С “Темными аллеями” этого не происходит. Отчего? Оттого, что книга динамична. И если бы не накал эротики, движения не было бы. В движение книгу приводит “любовь, что движет солнце и светила”, что в переводе на язык школьной астрономии означает “управляет земным временем”, точнее будет: “приводит время в движение”. Мы имеем дело с эротикой времени.

Совокупления чуть не на каждой странице создают энергию движения времени. Причем объятия эти по ходу книги становятся все интенсивней, чтобы не случилось остановки и энергетического кризиса во вселенной. Постоянные смерти “после”, послужившие созданию версии о кровожадной “концепции любви” Бунина, — смерти исполнивших долг.

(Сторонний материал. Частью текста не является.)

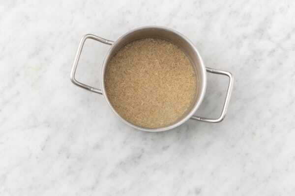 Lavá y secá los vegetales. Precalentá el horno a 200 grados. Poné agua en una olla a hervir, agregá el arroz y cocinalo hasta que esté tierno, unos 20-25 minutos, y colalo.
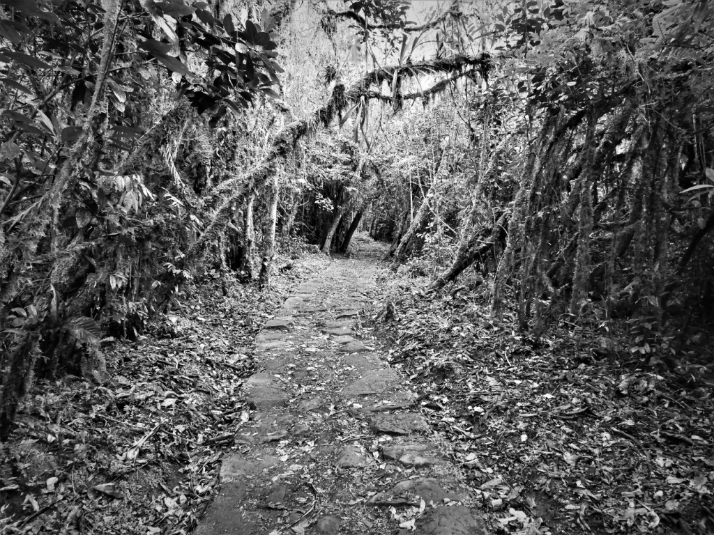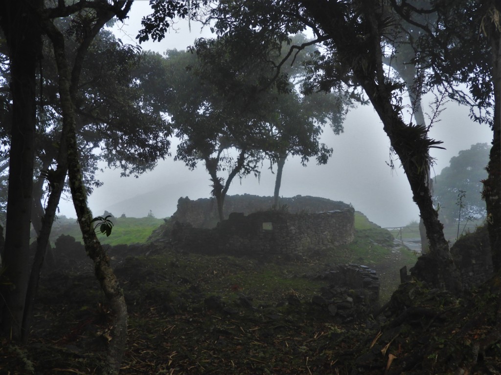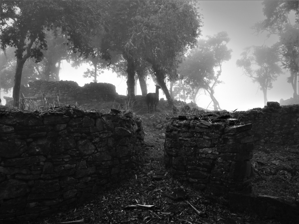 Les Chachapoyas ou « guerriers des nuages », ont aussi laissé derrière eux une gigantesque forteresse appelée Kuelap, perchée à 3000m d’altitude sur une montagne. Malgré son nom de « forteresse » attribué à l’édifice pour la hauteur de ses murs et la taille imposante de ses blocs de pierre, il semblerait que le lieu ait été un site avant tout rituel et politique. La météo brumeuse puis pluvieuse lors de notre passage justifie en tout cas à elle seule le surnom qui leur est attribué. Faute d’admirer le paysage, nous jouons à cache-cache avec les quelques lamas qui se promènent au milieu des ruines…
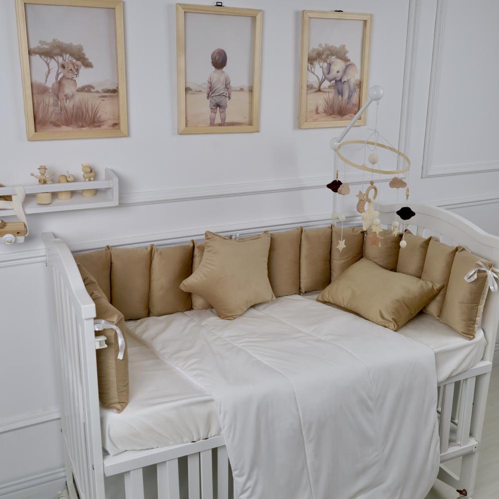 • حاجز سرير على شكل مخدات: يحمي طفلك من السقوط أثناء النوم ويوفر الأمان.
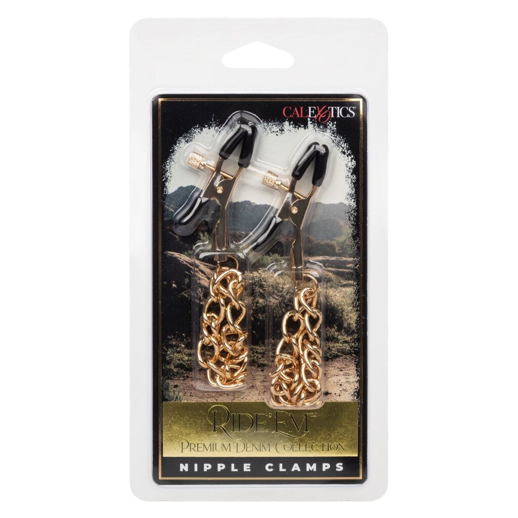 The Ride 'em Premium Denim Collection nipple clamps offer adjustable pressure and soft pads for added sensitivity. The two chains provide a subtle tug that increases arousal. Made with nickel-free materials for safety. Explore new levels of arousal with this stylish and sensual accessory.
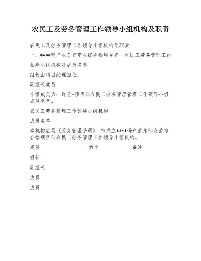 農(nóng)民工及勞務(wù)管理工作領(lǐng)導(dǎo)小組機(jī)構(gòu)及職責(zé)(1)docx
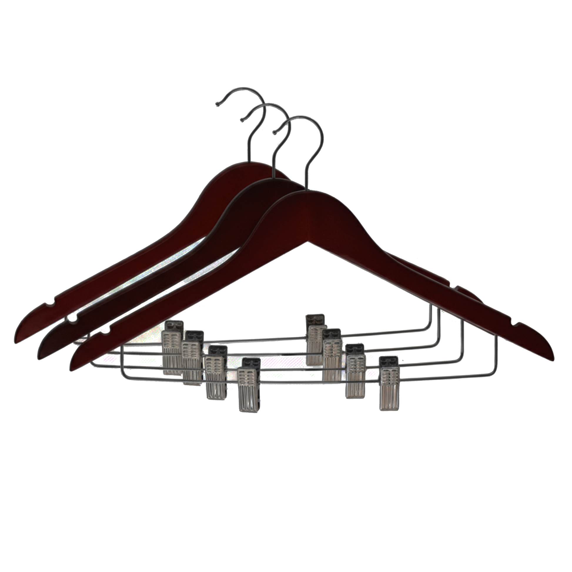 3 Wooden Hangers W/Clips
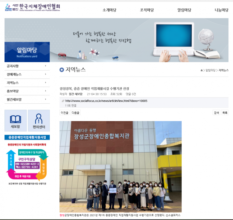 ◎ 기사명 : 장성장복, 중증 장애인 직업재활시설 수행기관 선정
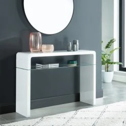 Baita Consoles Et Drapiers Console Laqué Blanc Brillant étagère En Verre
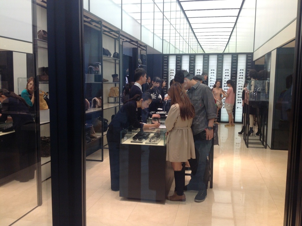 Imponerende kø foran Chanel!!! Ja, man må sig undre…. Chanel lukker kunderne ind i hold – butikken er fyldt med igangværende ekspeditioner. Det samme gælder hos Hermes. Skønt at se! Glæder mig vildt til, jeg kan filme køen foran ROOM4 Exclusive, Dk-7100!
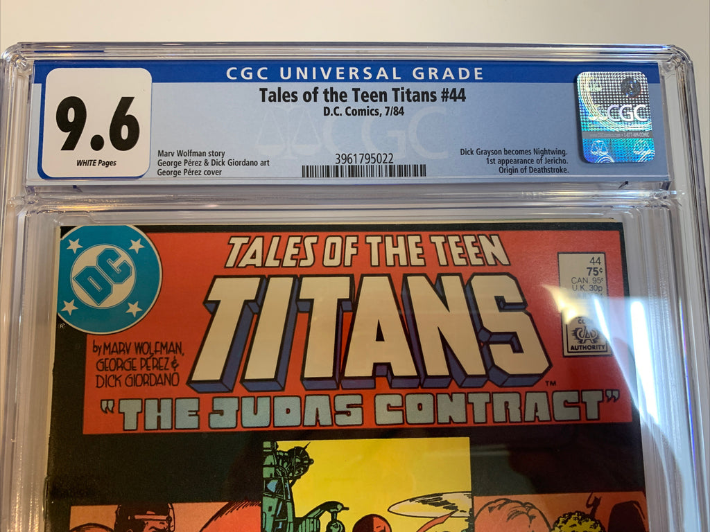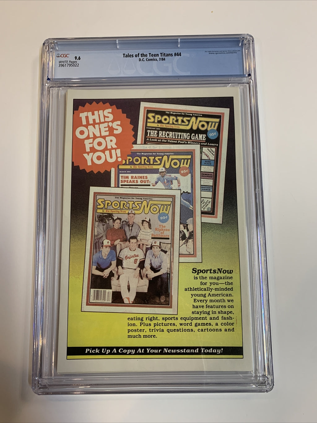Dive into the Bronze Age of comics with Tales Teen Titans (1984) #44, an essential issue featuring the first appearance of Nightwing. graded a CGC 9.6 Near Mint+ for its impeccable preservation and stunning visuals. This comic book is a treasured piece for both avid collectors and fans of the Teen Titans superhero team, showcasing a pivotal moment in the DC Comics universe.
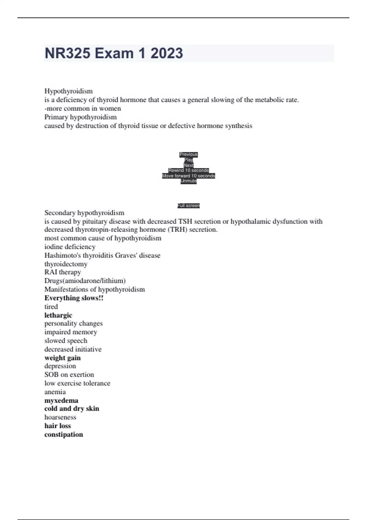 NR325 Exam 1 2023 Hypothyroidism is a deficiency of thyroid hormone that causes a general slowing of the metabolic rate. -more common in women Primary hypothyroidism caused by destruction of thyroid tissue or defective hormone synthesis Brainpower Read More Previous Play Next Rewind 10 seconds Move forward 10 seconds Unmute 0:14 / 0:15 Full screen Secondary hypothyroidism is caused by pituitary disease with decreased TSH secretion or hypothalamic dysfunction with decreased thyrotropin-releasing hormone (TRH) secretion. most common cause of hypothyroidism iodine deficiency Hashimoto's thyroiditis Graves' disease thyroidectomy RAI therapy Drugs(amiodarone/lithium) Manifestations of hypothyroidism Everything slows!! tired lethargic personality changes impaired memory slowed speech decreased initiative weight gain depression SOB on exertion low exercise tolerance anemia myxedema cold and dry skin hoarseness hair loss constipation cold intolerance Complications of hypothyroidism myxedema coma myxedema coma medical emergency -precipitated by infection, drugs , exposure to cold, and trauma. -subnormal temperature, hypotension, and hypoventilation. TX: IV thyroid hormone replacement Labs for hypothyroidism TSH: high T4: low -thyroid antibodies Treatment for hypothryoidism Levothyroxine: start at a low dose, lifelong therapy -low-calorie diet Hyperthyroidism hyperactivity of the thyroid gland with sustained increase in synthesis and release of thyroid hormones. -more common in women Causes of hyperthyroidism Graves' disease toxic nodular goiter thyroiditis excess iodine intake pituitary tumors thyroid cancer thyrotoxicosis physiologic effects or clinical syndrome of hypermetabolism resulting from excess circulating levels of T4, T3, or both. Graves' disease an autoimmune disease of unknown cause characterized by diffuse thyroid enlargement and excess thyroid hormone secretion -antibodies against TSH Manifestations of hyperthyroidism Everything is HYPER! goiter exophthalmos increased appetitie thirst weight loss spleenomegaly/heptomegaly insomnia rapid speech smooth/moist skin thin/brittle nails clubbing diaphoresis heat intolerance Labs for hyperthyroidism Increased T3 & T4 Decreased TSH Complications of hyperthyroidis
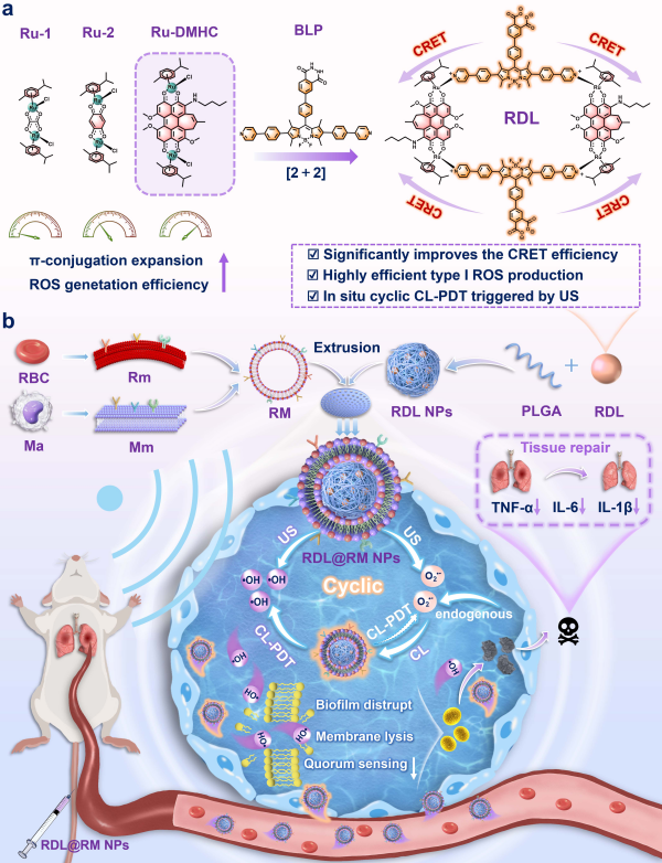 近期,中国科学院理化技术研究所研究团队在深部细菌感染治疗领域取得进展。研究团队开发了超声触发的I型超分子光敏剂RDL@RM NPs,通过超声触发与分子内化学发光共振能量转移协同驱动的原位循环光动力疗法,克服了传统光动力疗法组织穿透浅、疗效受限的挑战,为肺炎等深部感染的精准治疗提供了新思路。

Автор и сам участвует во всем этом, потому что все мужские партии исполняет сам. Это якобы рассказы разных людей. Герой один: одни и те же излюбленные запахи, привычки, один тип чувственности. Героинь тоже меньше, чем кажется, контуры многих совпадают: Гаша совпадает с Таней, Генрих — с героинями “В Париже”, “Мести”, “Антигоны”, Натали — с героиней “Ворона”, Муза — со спящей женщиной из “Начала”. Автор и не собирается скрывать своего участия. Температура времени у него явно повышенная.

И если персонажи “Декамерона” рассказывают свои истории, чтобы убить излишнее время, отгородившее их от пространства Италии, и тем самым это пространство заново открыть, разместив происшествия в разных городах страны и за ее пределами, то “Темные аллеи” написаны, чтобы оживить время России и гибнущей, как казалось, Европы, завести его заново.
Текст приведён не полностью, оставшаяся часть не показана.